Grafana dashboard #45

knweiss · 2017-05-11T10:21:01Z

Is anyone already working on a (public) Lustre dashboard for Grafana using
Prometheus as a data source?

My search in the Grafana dashboard community didn't turn up with a match.

joehandzik · 2017-05-11T14:27:50Z

There aren't any public dashboards at the moment, no. We're still trying to decide what our strategy is with that particular distribution option (we have some dashboards internally, but they are earmarked for a separate project that we can't open source yet). If you happen to work on something though, we'd be happy to update our README to point to it!

mjtrangoni · 2017-05-12T18:51:38Z

Hi @joehandzik,

I found this Images upstream, but without a Dashboards source.

I have to check if those metrics are already exported/supported or not.

joehandzik · 2017-05-12T19:06:08Z

Thanks for taking a look, @mjtrangoni! At a glance, it looks like we support most or all of those metrics, so t should be doable to emulate using our Prometheus metrics. Feel free to file an issue if we're missing anything critical.

diegolmoreno · 2018-11-21T12:59:12Z

Hello, is this question still opened? I have developed some Grafana dashboards that I could share with the project if needed.

jcftang · 2018-11-22T06:57:59Z

Maybe post a link to it from the grafana registry?

mtds · 2018-11-23T15:57:28Z

I have made something (screenshot included) but I am not sure it's the right way to visualize Lustre metrics, so I never published it on the Grafana web site:

Any thoughts?

jcftang · 2018-11-25T14:52:38Z

LGTM, I have a similar dashboard at my site with very very similar graphs

diegolmoreno · 2018-11-26T08:26:10Z

In my case I have 4 different panels but they combine also other non-Lustre exporters for server load or disk utilization:

Lustre overview with:

Number of active jobs
Number of exports connected to MDS
MD operations per filesystem, MDS & CPU
Data bandwidth
Data IOPS
Usage and capacity
Top metadata and data jobstats

Lustre advanced adding to the latter:

Disk IO busy percentage
LNET rate statistics
DIsk IO size ratio

General Lustre jobstats: Just a subset of the first panel
Lustre jobstats by jobid: Details per server or Lustre target for specific jobIDs.

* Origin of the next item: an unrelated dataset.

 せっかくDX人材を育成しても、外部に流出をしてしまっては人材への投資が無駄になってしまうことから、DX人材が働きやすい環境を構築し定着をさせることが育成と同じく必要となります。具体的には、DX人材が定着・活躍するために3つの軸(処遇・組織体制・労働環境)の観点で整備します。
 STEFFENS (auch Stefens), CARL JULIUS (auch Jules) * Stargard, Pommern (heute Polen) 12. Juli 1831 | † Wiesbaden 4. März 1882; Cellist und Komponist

I'll probably need to triage the non-Lustre exporter stats from the panels (disk utilization, CPU) or we just assume that someone running the Lustre exporter might also be running this exporter as well.

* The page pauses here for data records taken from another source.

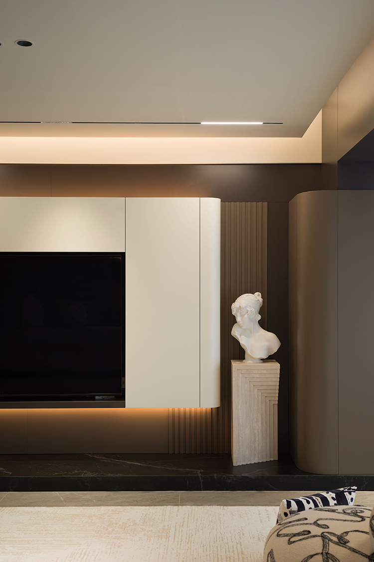 由灰与白构筑的简约境地,既表达现代空间的庄重感,亦存有温暖笔触。白色悬浮厅柜,融入雕塑般的墙面结构,任凭弧面与直线交错穿插,丰盈而不凌乱。轻巧的布艺休闲椅取代大体量沙发,在预留出的开阔空间中,暖白地毯成为松弛日常的自由地。
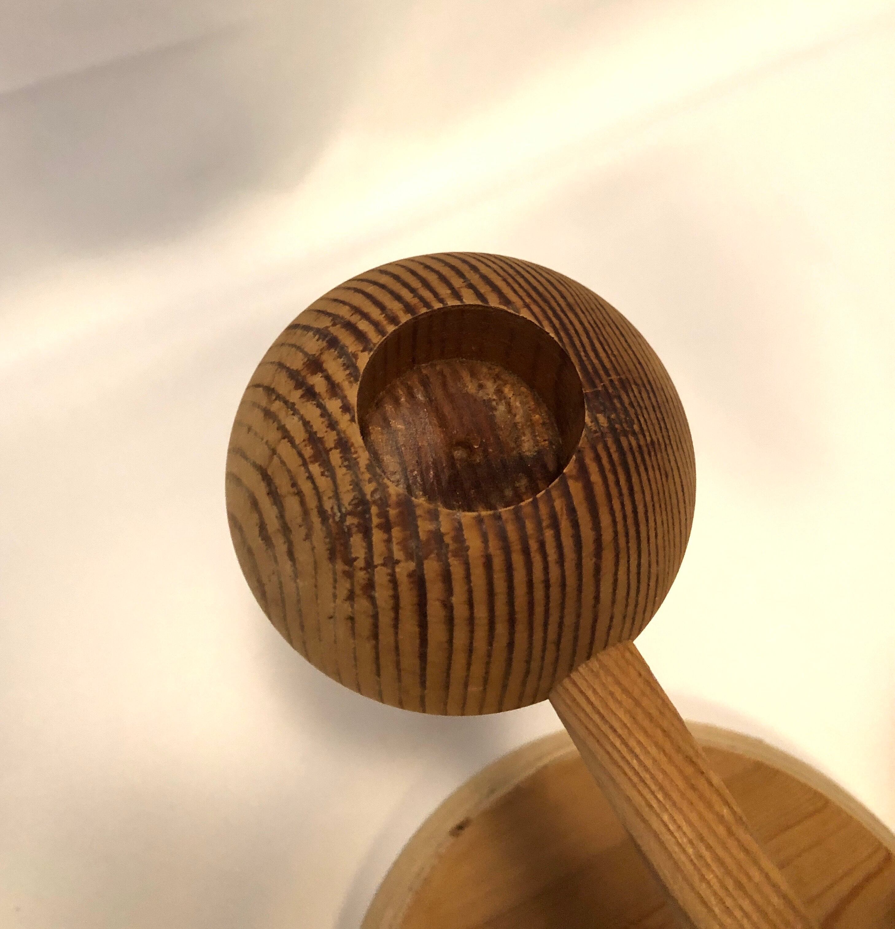 シールはがし跡など見られたりするものの、座を兼ねている割りに目立つ擦れ、キズ、汚れ、色褪せなど見当たらず概ね綺麗な状態と言えます。aarikka FINLAND ロゴが焼印風に記されています。※センター支柱を裏から留めるネジ(画像15)が見えていますが、きちんと中に入り混んでいるので、置く場所(面)にキズをつけたりすることも無く嬉しいポイントです。
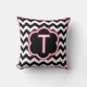 Lettre T. Joli monogramme (unique en première ligne) jeter l'oreiller. Bandes en zigzag noir et blanc (chevron), avec des détails blancs et fuchsia et une seule initiale au centre. Nos oreillers à jetons sont offerts en trois tailles : carré 16 po x 16 po, carré 20 po x 20 po, ou coussin lombaire de 13 po x 21 po, et en coton ou polyester. Produite par des mères célibataires ayant un emploi durable aux États-Unis, votre achat de coussin sur mesure contribue à briser le cycle de la pauvreté pour les mères célibataires et leurs enfants pendant qu'il est beau dans votre maison! De Scarribaby Design, soutenu par la garantie Zazzle.
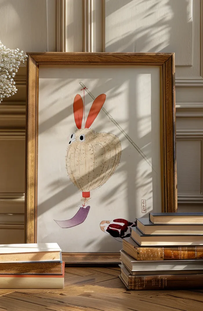 Denne Kyosen plakat fungerer smukt i både stuen, entreen eller som en rolig og eventyrlig vægudsmykning i et børneværelse. Illustrationens legende udtryk kombineret med japansk præcision gør den både kulturelt interessant og visuelt betagende.
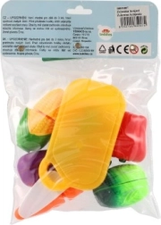 Ideāli piemērots bērnu virtuvei, spēlei veikalos vai “gatavošanai”. Komplekts veicina acu–roku koordinācijas attīstību, krāsu un formu apguvi, kā arī veselīga uztura pamatu iepazīšanu rotaļas veidā.

mtds · 2018-11-26T14:40:34Z

@diegolmoreno just a couple of questions:

which version of Lustre are you using? We are quite behind the development, still on 2.5.3
(planned to switch on 2.10 soon, though).
I have seen you are using LSF for job scheduling. Are those read/write metrics extracted
from the Lustre exporter itself or you did an additional integration with other exporters?

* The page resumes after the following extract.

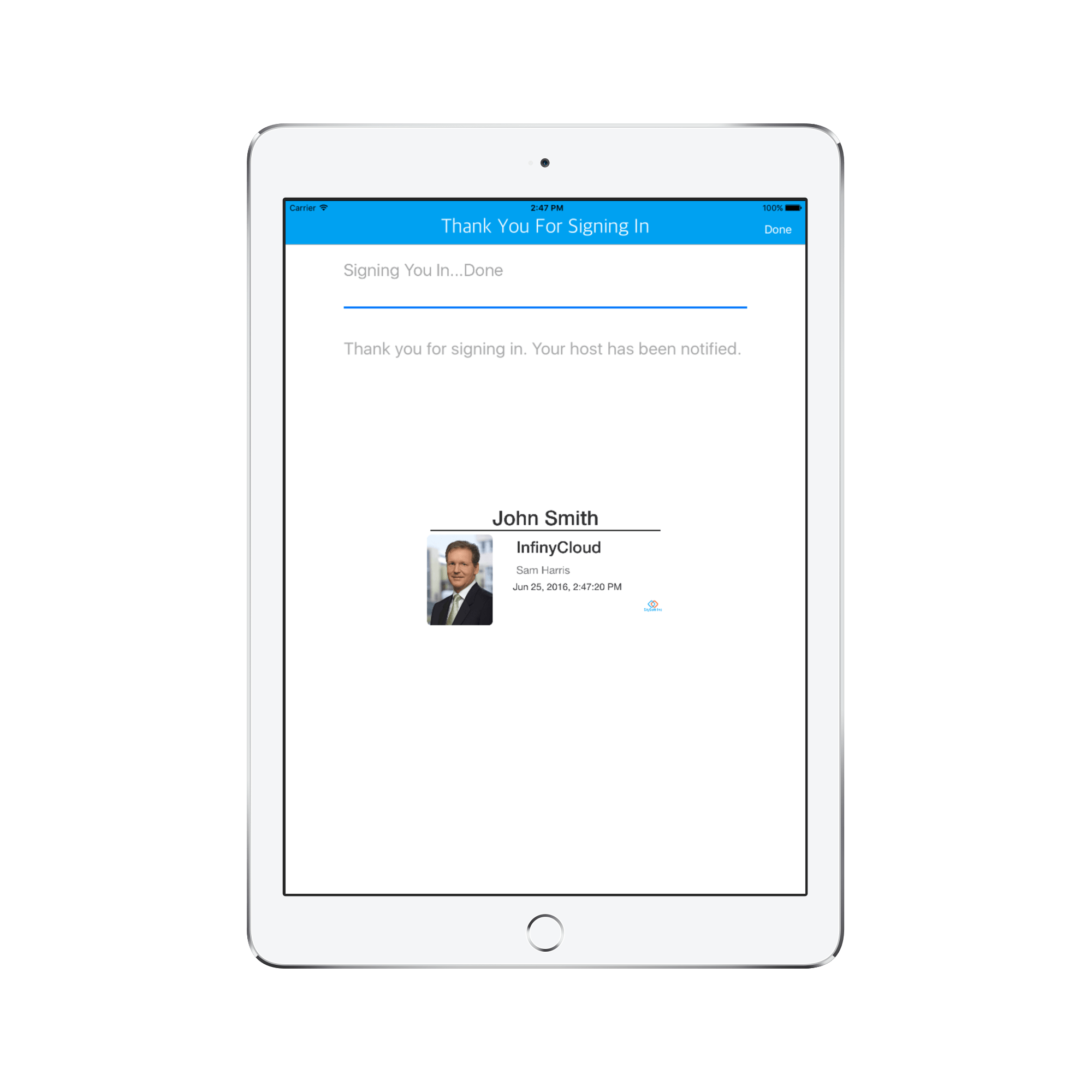 InstaCheckin can automatically print visitor badges as soon as the visitors check in. You can customize the contents of the badge and even add custom messages to feel your guests welcomed.

The Lustre dashboard I have developed is indeed not particular useful to my colleagues
and the reason is simple: it's complicated to link the job activities (we're using Slurm)
with Lustre itself and in particular to I/O load on specific OSSs.

There are ton of metrics exported but aggregation proved to be quite difficult and
getting insights about the state of the entire file system is devilish complicated.

If anybody is willing to add comments/insights/prometheus queries on this thread I would
be grateful :-)

diegolmoreno · 2018-11-26T15:04:24Z

@mtds

This is with Lustre 2.7 and I have another 2.10 filesystem where I'm planning to deploy this setup by the end of this week. If I see any issues I will report them here.
No extras to get LSF integrated with this Lustre exporter and Grafana. Just enabling LSF jobstats as per the Lustre Operations Manual description. I used SLURM in the past and I did the same as for LSF.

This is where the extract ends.